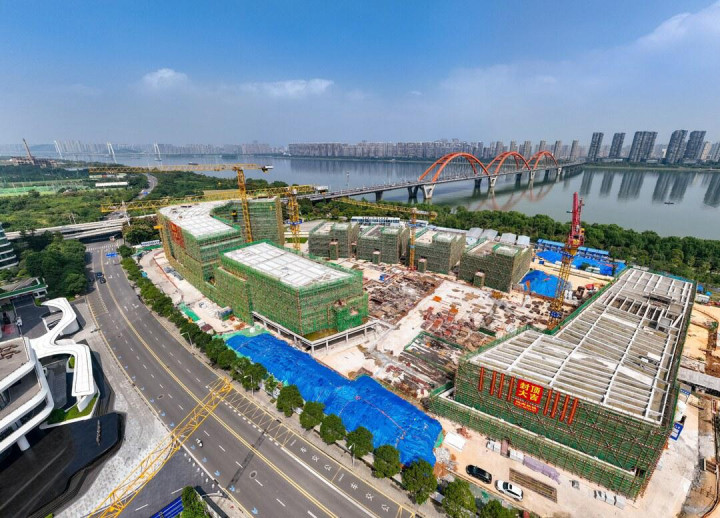 (9月29日,湖南湘江新区湘江基金小镇二期项目主体结构全面封顶,较计划提前3个月。该项目预计2026年上半年竣工,建成后将成为湖南金融新地标。湖南日报全媒体记者傅聪王晗摄影报道)
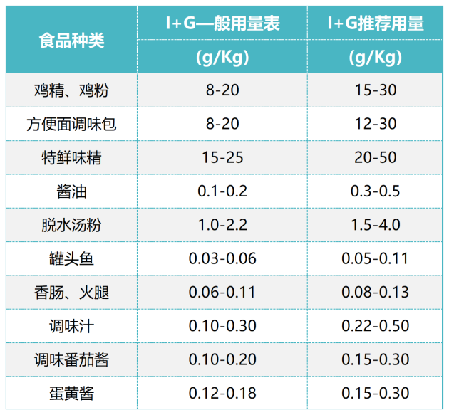 味精和I+G是互為依賴的增鮮劑,兩者合理并用時(shí),可使菜肴鮮味躍增,達(dá)到味精無法達(dá)到的鮮味,我們稱之為“鮮味”的相乘效果。使用時(shí),I+G添加量約為味精的2~5%,其增鮮效果可以提高3~6倍左右,而且對(duì)產(chǎn)品品質(zhì)有很大提升,使味覺明顯改善,甜、酸、苦、辣、鮮、香和咸味等更加濃郁而協(xié)調(diào),更接近天然食品的味道。
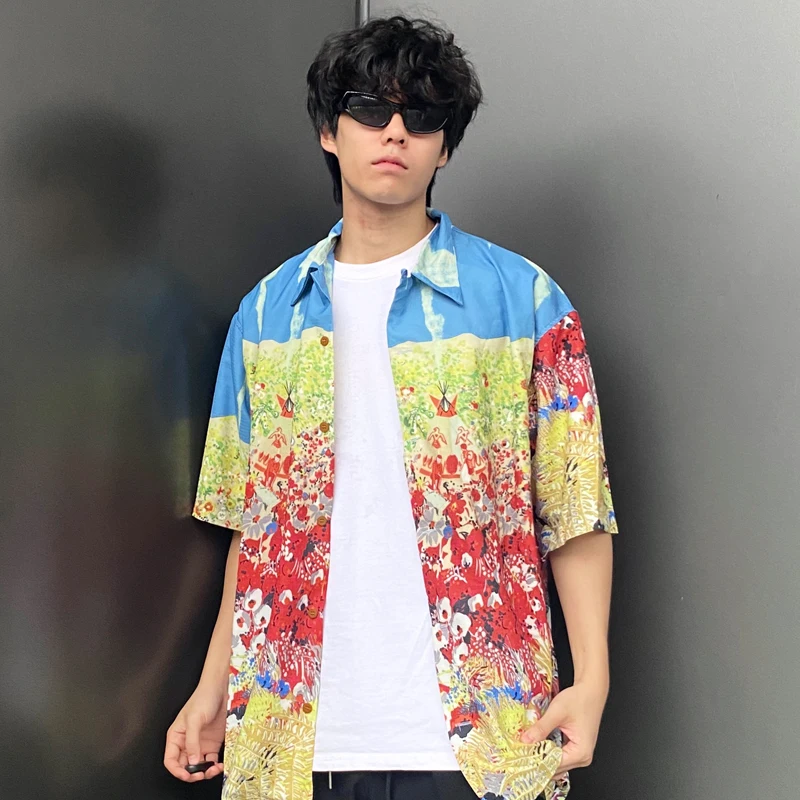24SS KAPITAL Hirata Kazuhiro Floral Print Japanese Style Full Printed Casual Short Sleeved Shirt for Men and Women
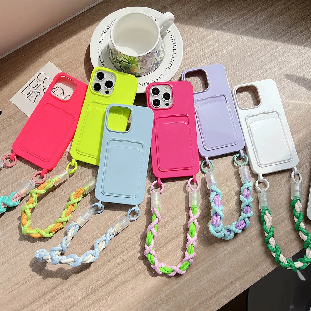 INS Colorful Weave Hand Rope Card Slot Bag Phone Back Case For iPhone 12 13 14 15 Pro Max 15 Plus Shockproof Soft Wallet Cover $7.00
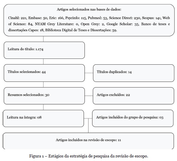 Na segunda etapa, houve a definição dos descritores, expandindo a busca para as bases de dados Cinahl, Embase, Eric, Pubmed, Science Direct e Web of Science.
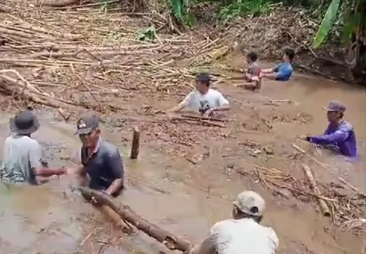 Warga Dusun Sebalang Gotong Royong Bersihkan Sampah Pasca Banjir
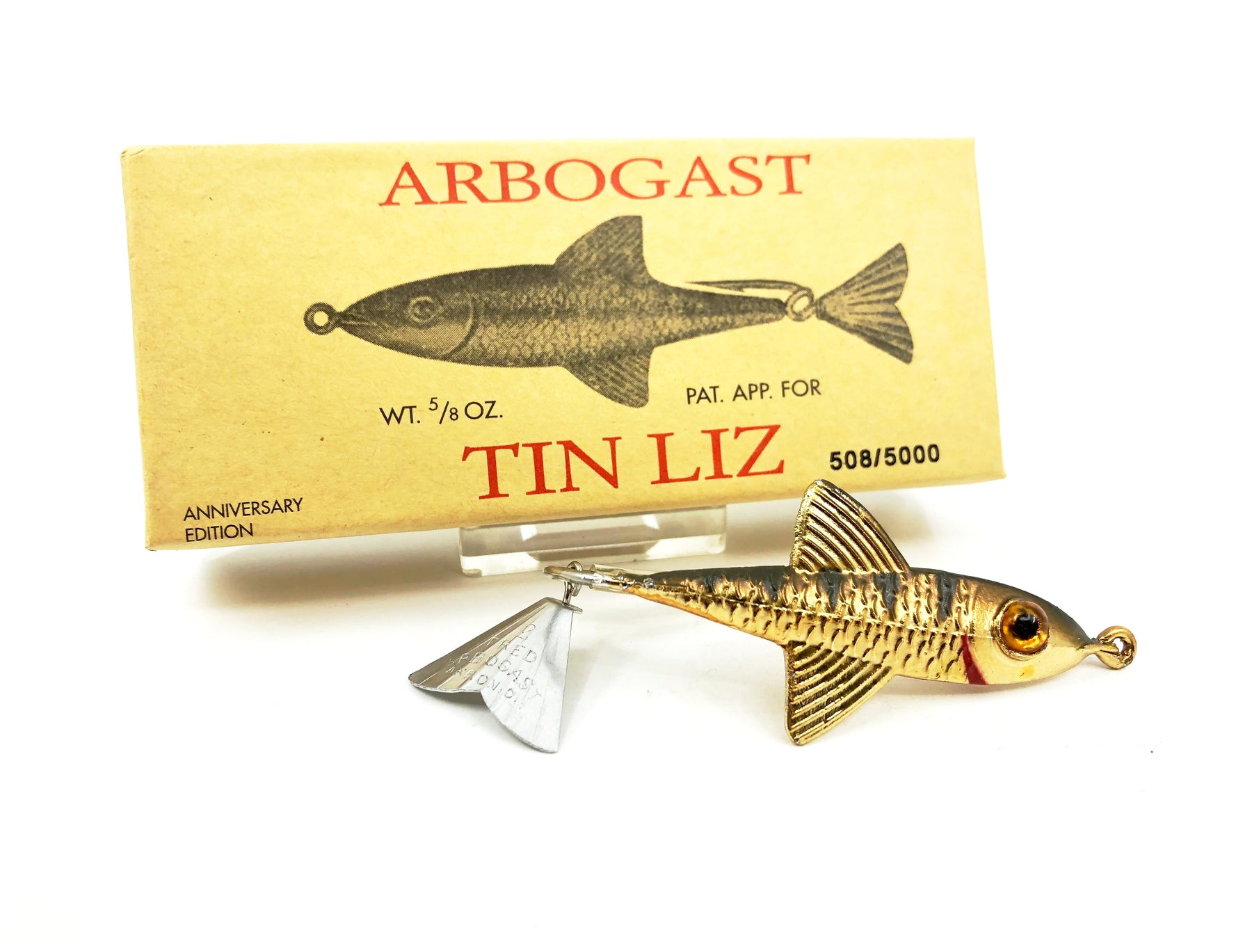 Arbogast Tin Liz Anniversary Edition Lure with Box #508/5000 Perch Color. Great lure here. Add this one to your collection. One of the all time classic lures. Lure, box and paperwork (note slight tear in paperwork) in great shape. Grab this combo while it lasts.
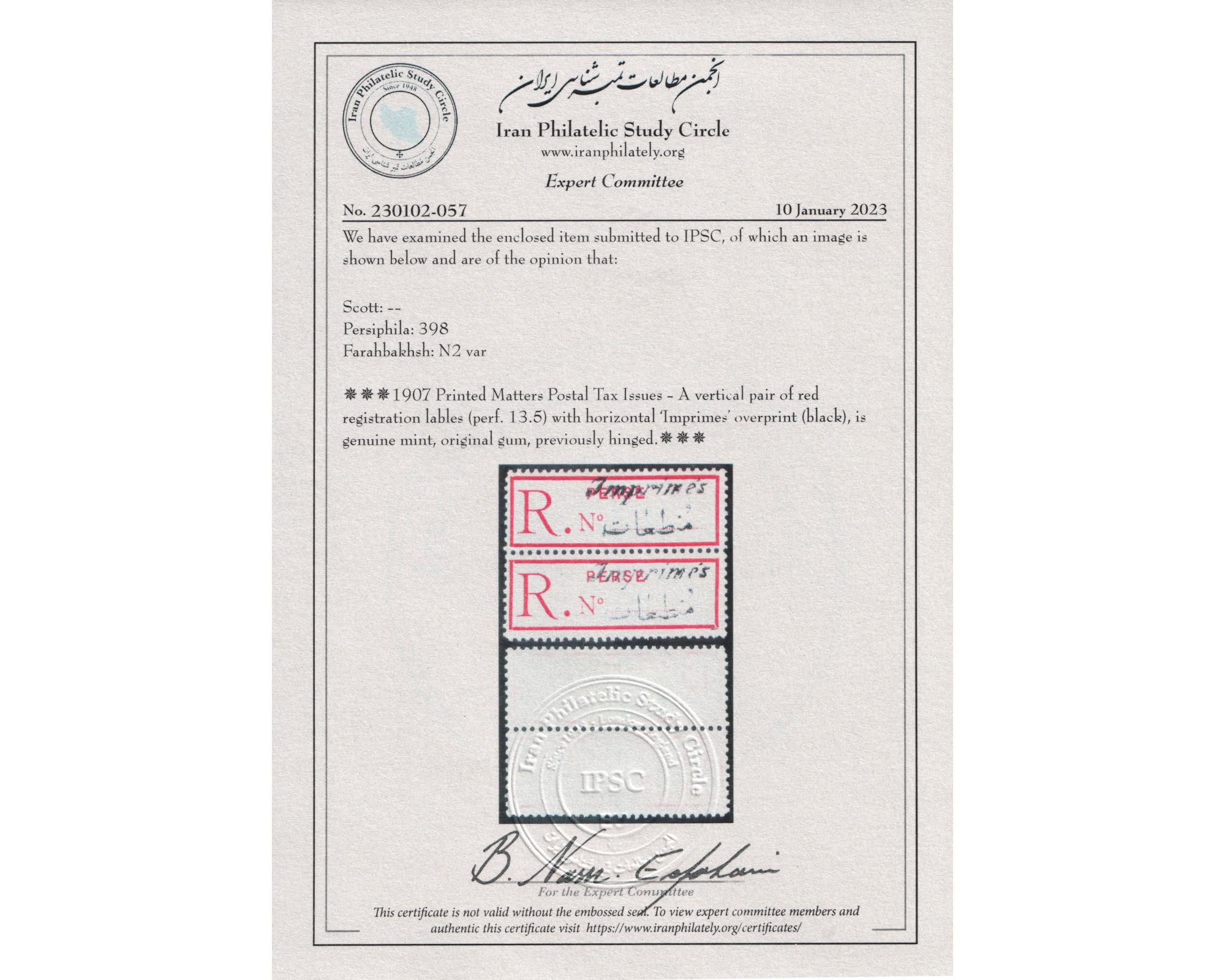 Certificated By IPSCCondition; Mint Lightly Hinged کیفیت :با اثر ضعیف شارنیهبرای دیدن با بهترین کیفیت ماوس کامپیوتر را روی تصویر تکان دهید
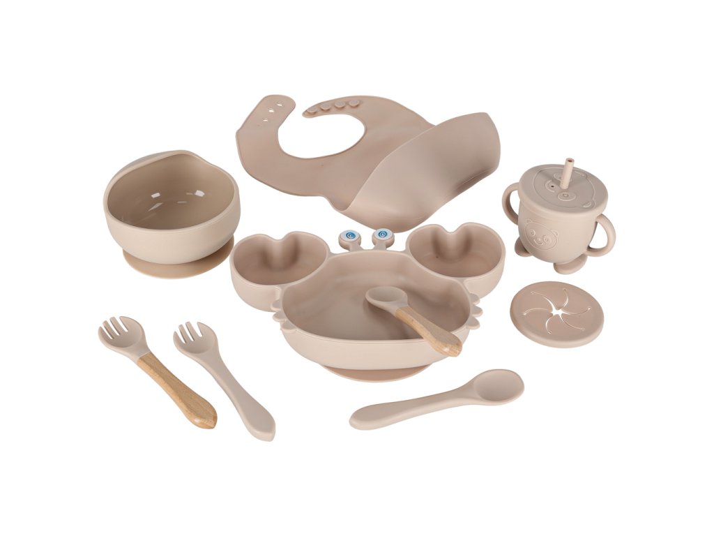 Silikónové detské riady baby crab sada 9 kusov béžová
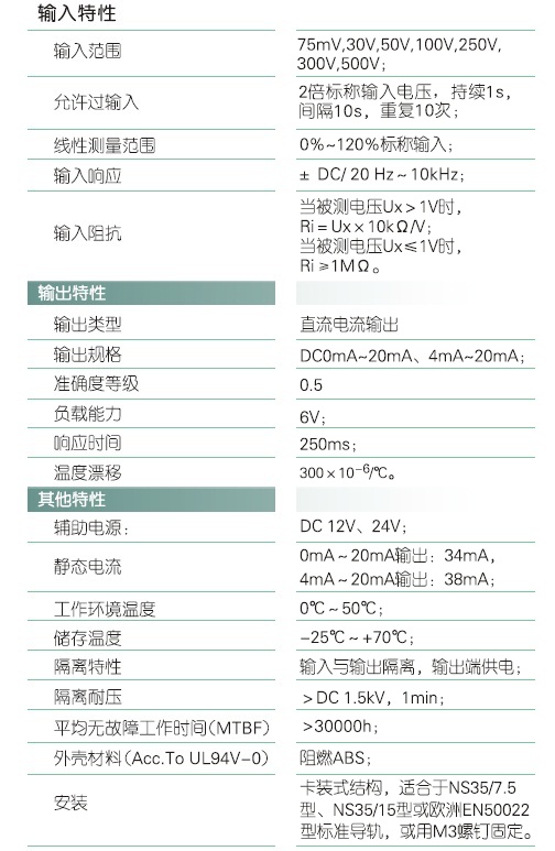 本产品采用线性光电隔离原理、平均值转换技术,对电网或电路中的交直流电压进行实时测量,将其变换为标准的直流电流(Iz)输出,具有交直流电压通用、高精度、高隔离、宽频响、低漂移、低功耗、宽温度范围及远距离传输等特点。本产品采用卡装式结构,端子接线,安装方便。适用于正弦波和双向直流电压的隔离测量。

**What is required:** In the listing above, find the line with "24SS KAPITAL Hirata" and output every line through the one with "Warga Dusun Sebalang", exactly, without the pictures.

**Answer for the task:**
24SS KAPITAL Hirata Kazuhiro Floral Print Japanese Style Full Printed Casual Short Sleeved Shirt for Men and Women
 INS Colorful Weave Hand Rope Card Slot Bag Phone Back Case For iPhone 12 13 14 15 Pro Max 15 Plus Shockproof Soft Wallet Cover $7.00
 Na segunda etapa, houve a definição dos descritores, expandindo a busca para as bases de dados Cinahl, Embase, Eric, Pubmed, Science Direct e Web of Science.
 Warga Dusun Sebalang Gotong Royong Bersihkan Sampah Pasca Banjir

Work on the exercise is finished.